GK110 itself is a bit of a complex beast that we’ll get into more detail about later this week, but for now we’ll quickly touch upon some of the features that make GK110 the true successor to GF110. First and foremost of course, GK110 has all the missing features that GK104 lacked – ECC cache protection, high double precision performance, a wide memory bus, and of course a whole lot of CUDA Cores. Because GK110 is still in the lab NVIDIA doesn’t know what will be viable to ship later this year, but as it stands they’re expecting triple the double precision performance of Tesla M2090, with this varying some based on viable clockspeeds and how many functional units they can ship enabled. Single precision performance should also be very good, but depending on the application there’s a decent chance that K10 could beat K20, at least in the type of applications that are well suited for GK104’s limitations.

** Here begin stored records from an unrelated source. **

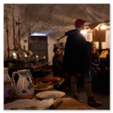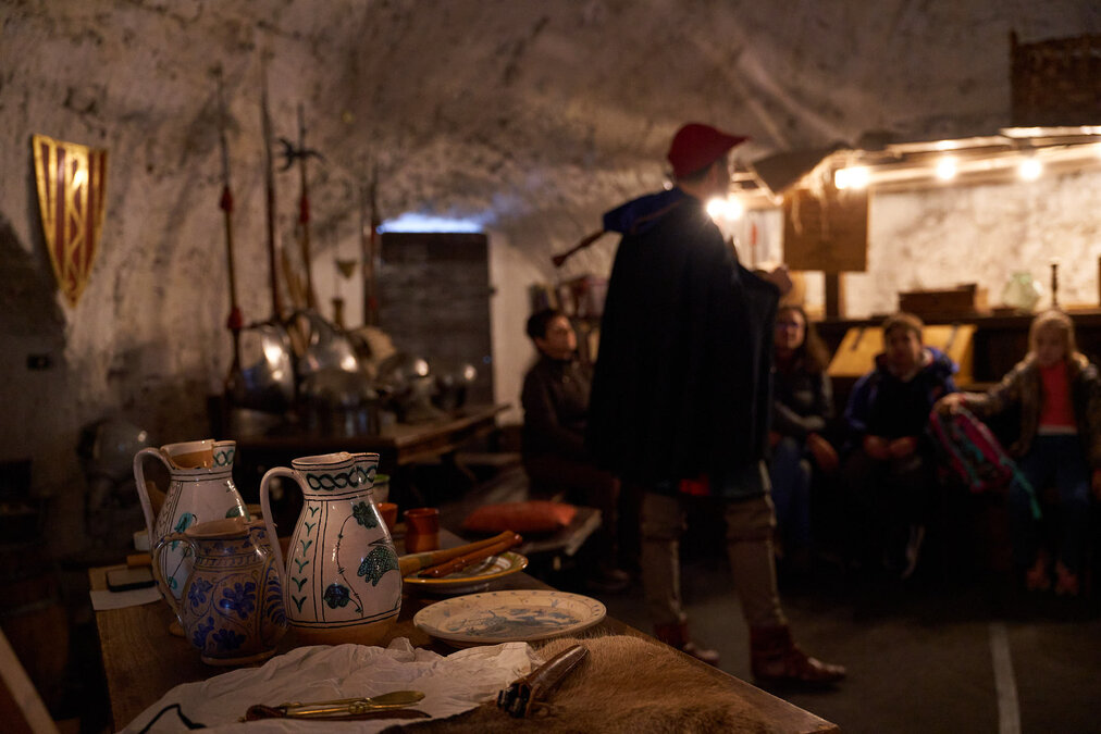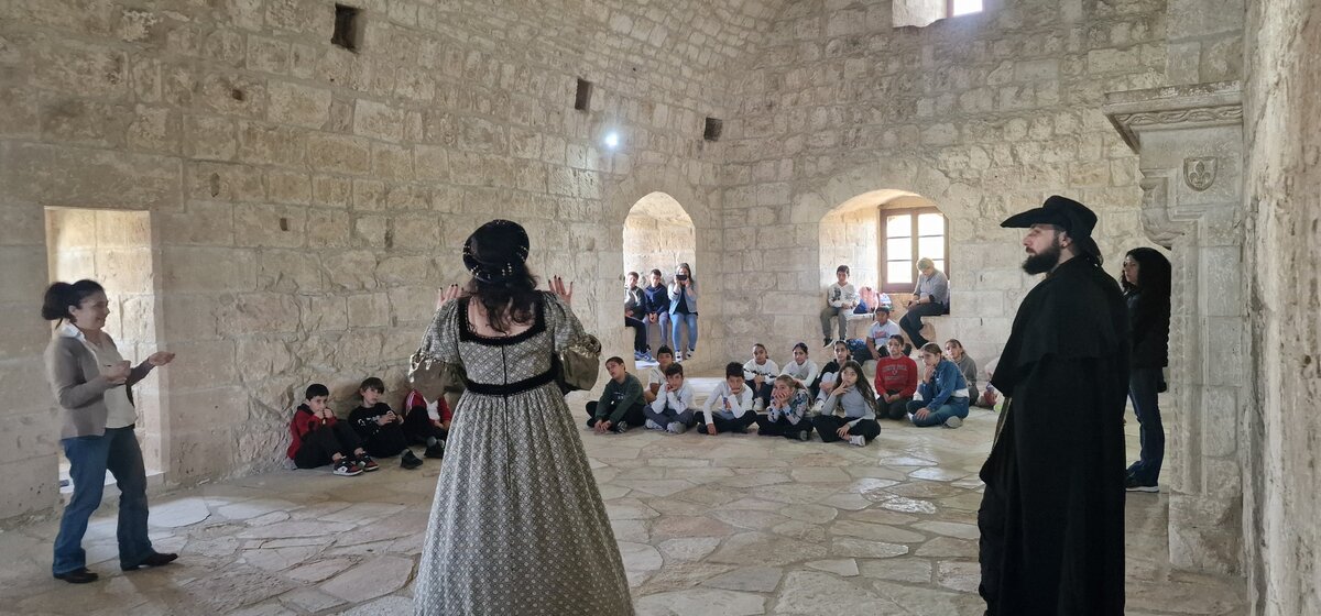 Educational worksheets are distributed for the final part of the event. A specialist, acting as the Lady of the Castle and dressed in typical medieval female clothing, introduces the customs and traditions of castle life. She presents various objects placed on the table: plates, glasses, pitchers, and cutlery. She describes some typical recipes of the time and speaks about the famous medieval beverage "Hippocras." Students find all the information in the provided educational sheets. There is space for questions and answers.
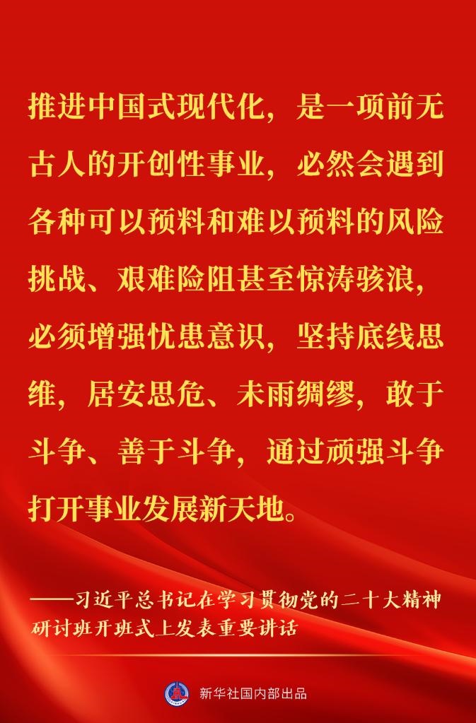 新進(jìn)中央委員會(huì)的委員、候補(bǔ)委員和省部級(jí)主要領(lǐng)導(dǎo)干部學(xué)習(xí)貫徹習(xí)近平新時(shí)代中國(guó)特色社會(huì)主義思想和黨的二十大精神研討班7日上午在中央黨校(國(guó)家行政學(xué)院)開班。中共中央總書記、國(guó)家主席、中央軍委主席習(xí)近平在開班式上發(fā)表重要講話。一起來看金句↓
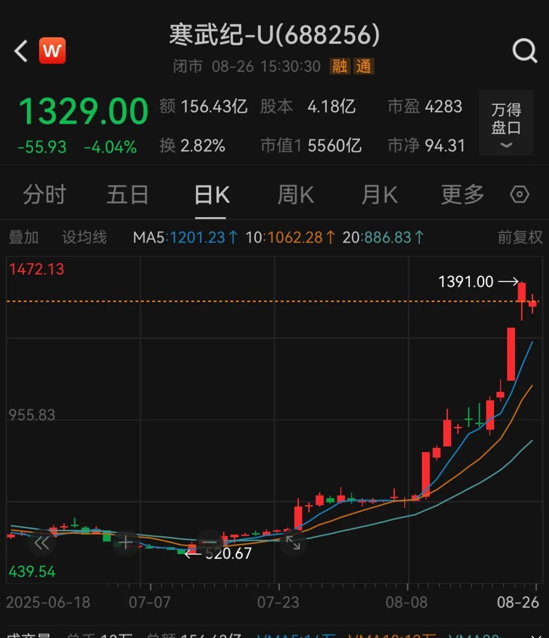 截至8月26日收盘,寒武纪总市值达5560亿元,根据十大流通股东信息显示,陈天石直接持有寒武纪28.57%股份,对应市值约1588.56亿元。

As it stands a complete GK110 is composed of 15 SMXes – note that these are similar but not identical to GK104 SMXes – bound to 1.5MB of L2 cache and a 384bit memory bus. GK110 SMXes will contain 192 CUDA cores (just like GK104), but deviating from GK104 they will contain 64 CUDA FP64 cores (up from 8, which combined with the much larger SMX count is what will make K20 so much more powerful at double precision math than K10. Of interesting note, NVIDIA is keeping the superscalar dispatch method that we first saw in GF104 and carried over to GK104, so unlike Fermi Tesla products, compute performance on K20 is going to be a little more erratic as a result of the fact that maximizing SMX utilization will require a high degree of both TLP and ILP.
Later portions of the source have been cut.